Sir John Bagot Glubb (born April 16, 1897, Preston, Lancashire, Eng.—died March 17, 1986, Mayfield, East Sussex) was a British army officer who in 1939–56 commanded the Arab Legion, an army of Arab tribesmen in Transjordan and its successor state, Jordan.
The son of a British army officer, Glubb attended the Royal Military Academy and then rose steadily in the British army. He served in Europe in World War I and then volunteered for service in Iraq. In 1926 he resigned from the British army to become an administrative inspector for the Iraqi government; he left this post in 1930 and contracted to serve as a brigadier in Transjordan’s Arab Legion, an internal police force employed prior to World War II. Glubb became its commander in 1939 and transformed it into a disciplined army that supported the Allies in World War II. After 1951 he raised a national guard to defend Jordan’s border against Israeli raids. Arab pressure to eliminate British influence in the Middle East led to his dismissal in 1956. He was knighted in that year.

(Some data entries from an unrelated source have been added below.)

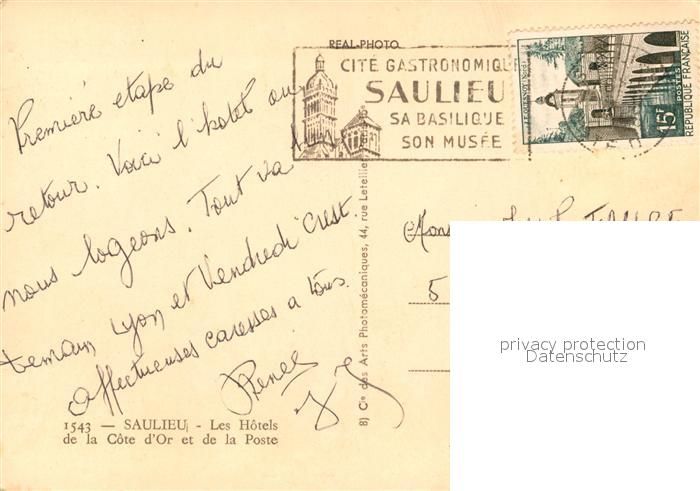 13561741 carte postale Saulieu Les Hotels de la Cote d’Or et de la Poste postalisch gelaufen Erhaltung siehe scans [WerneD78] KatCode: 11170021321584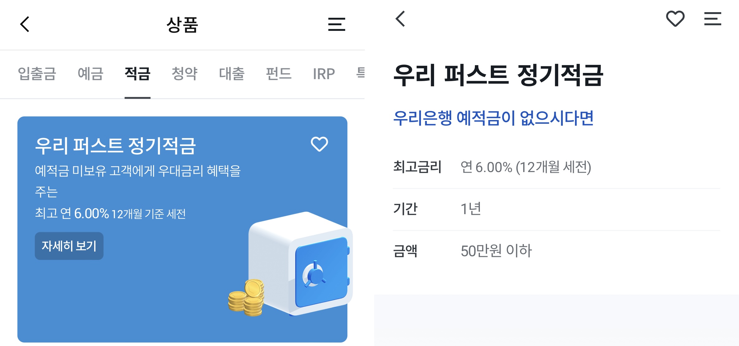 이 상품은 모바일 전용 상품으로, 기본금리 4.0%에 우대금리 3.0%가 더 적용되어 최고 연 7.0%의 적금금리를 지원합니다. 가입대상은 신청일 기준으로 1년 이내 우리은행에서 정기 예,적금 상품에 가입한 적이 없어야 합니다. 만기는 1년으로 월 최대 50만 원까지 납입이 가능합니다. 판매 한도는 70만 좌이며, 한도가 소진되면 판매 종료됩니다.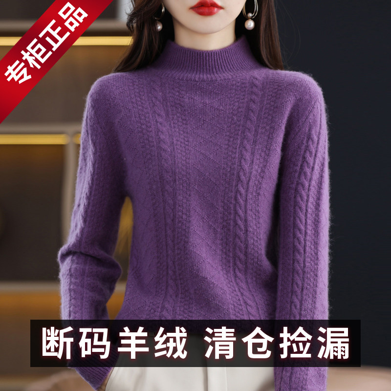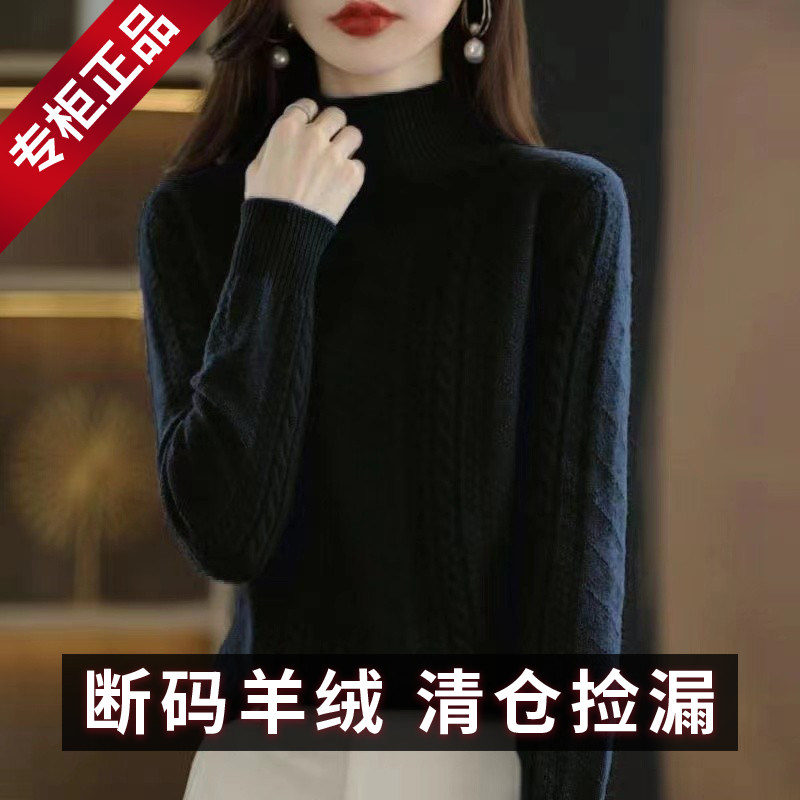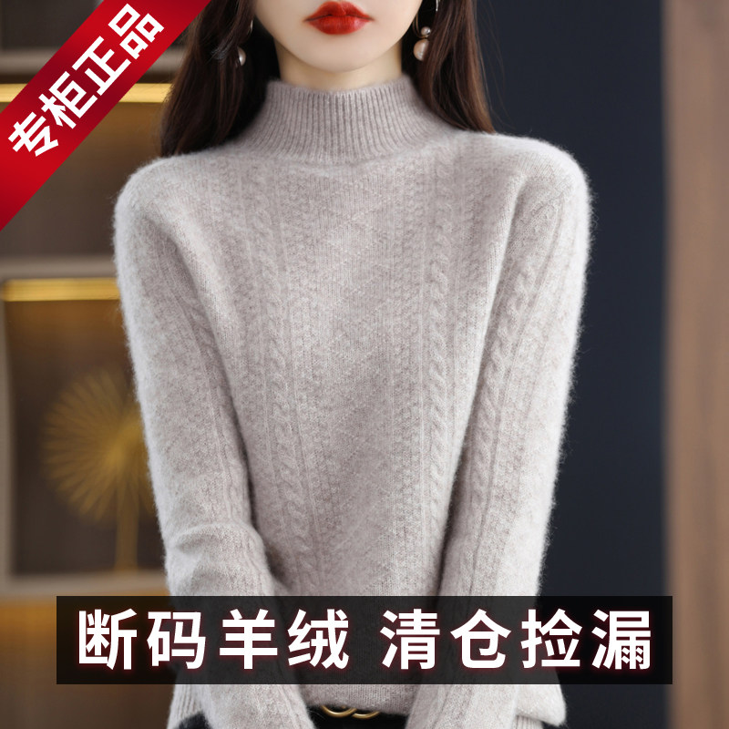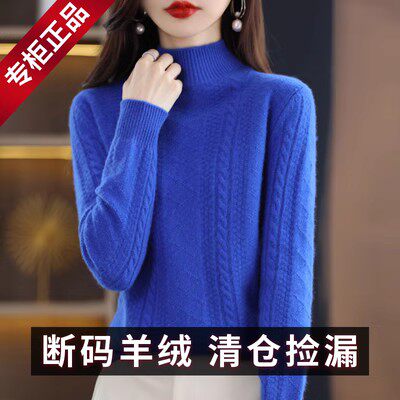 鄂尔多斯市羊绒衫女士秋冬加厚半高领宽松套头毛衣针织打底羊毛衫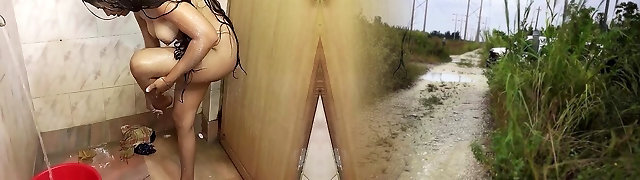 07:30अच्छी तरह से खड़ी काले बालों वाली लड़की कैमरे पर एक शॉवर ले जाता है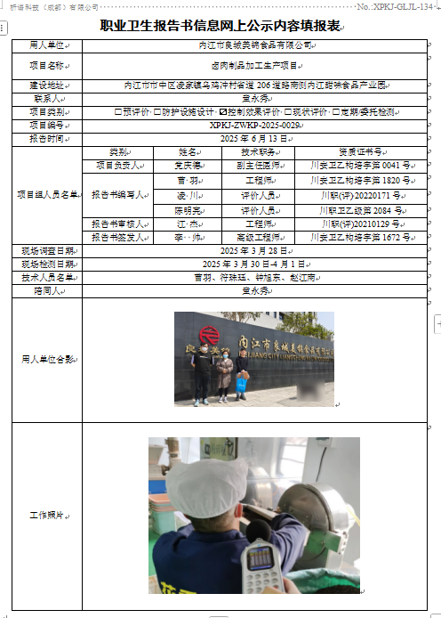 内江市良城美锦食品有限公司职业病危害因素控制效果评价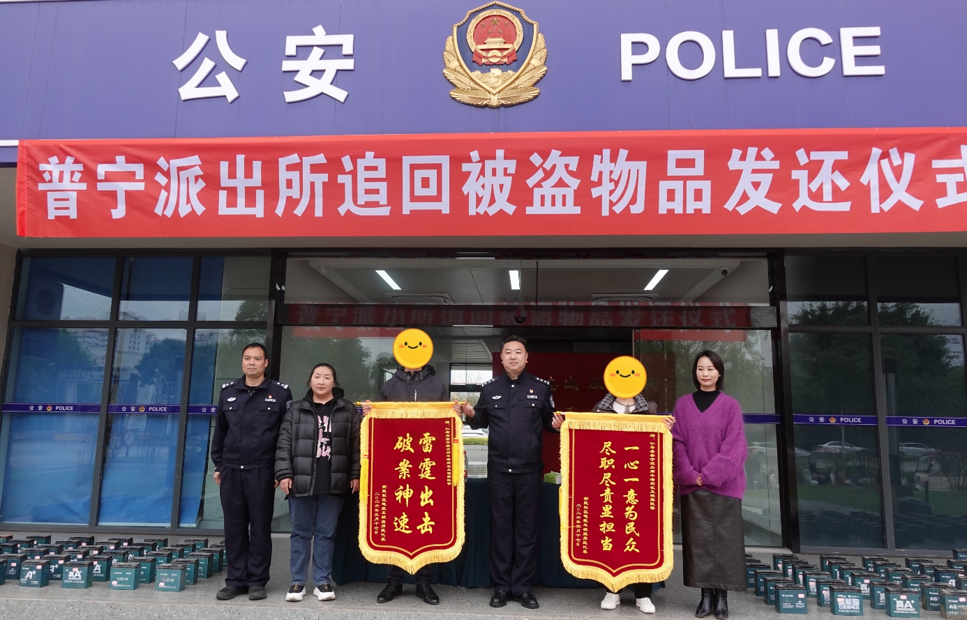 3月17日上午,仁寿县公安局普宁派出所举行被盗物品集中发还仪式,将近期破获盗窃案件中成功追回的 280 余个电瓶车电瓶,悉数发还给受害群众。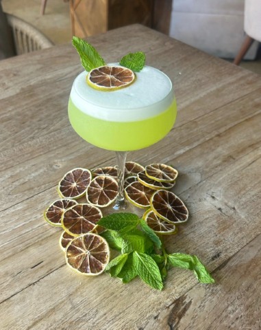 Limoncello, triple sec, mint liqueur, natural lemon juice, sugar syrup and egg white.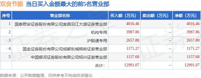 1月15日双良节能(600481)龙虎榜数据:游资流沙河上榜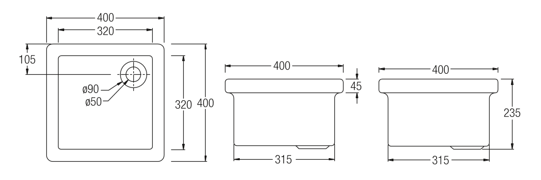 L 400 x W 400 x H 235 mm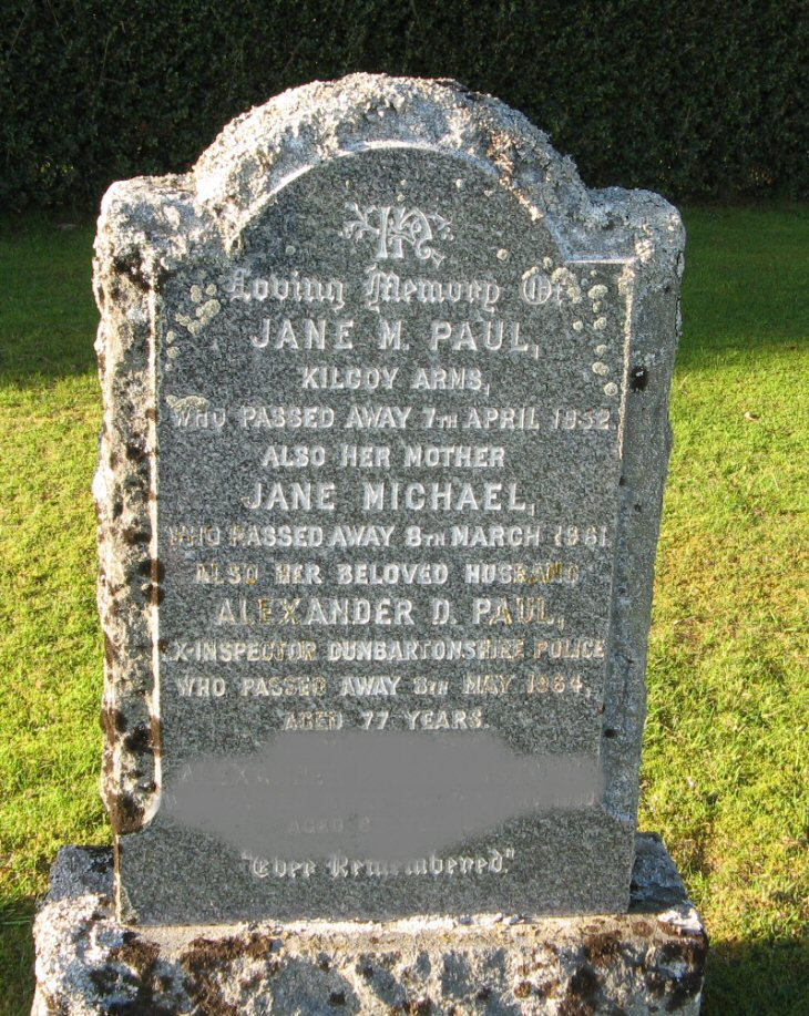 In/loving memory of/JANE M. PAUL/Kilcoy Arms/who passed away 7th April 1952/also her mother/JANE MICHAEL/who passed away 6th March 1961/also her beloved husband/ALEXANDER D. PAUL/ex-inspector Dunbartonshire police/who passed away 8th May 1964/aged 77 years/["recent"].

Glubb Pasha’s writings include Story of the Arab Legion (1948), Britain and the Arabs (1959), The Empire of the Arabs (1963), Syria, Lebanon, Jordan (1967), The Life and Times of Muhammad (1970), Peace in the Holy Land (1971), and Soldiers of Fortune (1973), the last dealing with the Mamlūks. His autobiography, The Changing Scenes of Life, was published in 1983.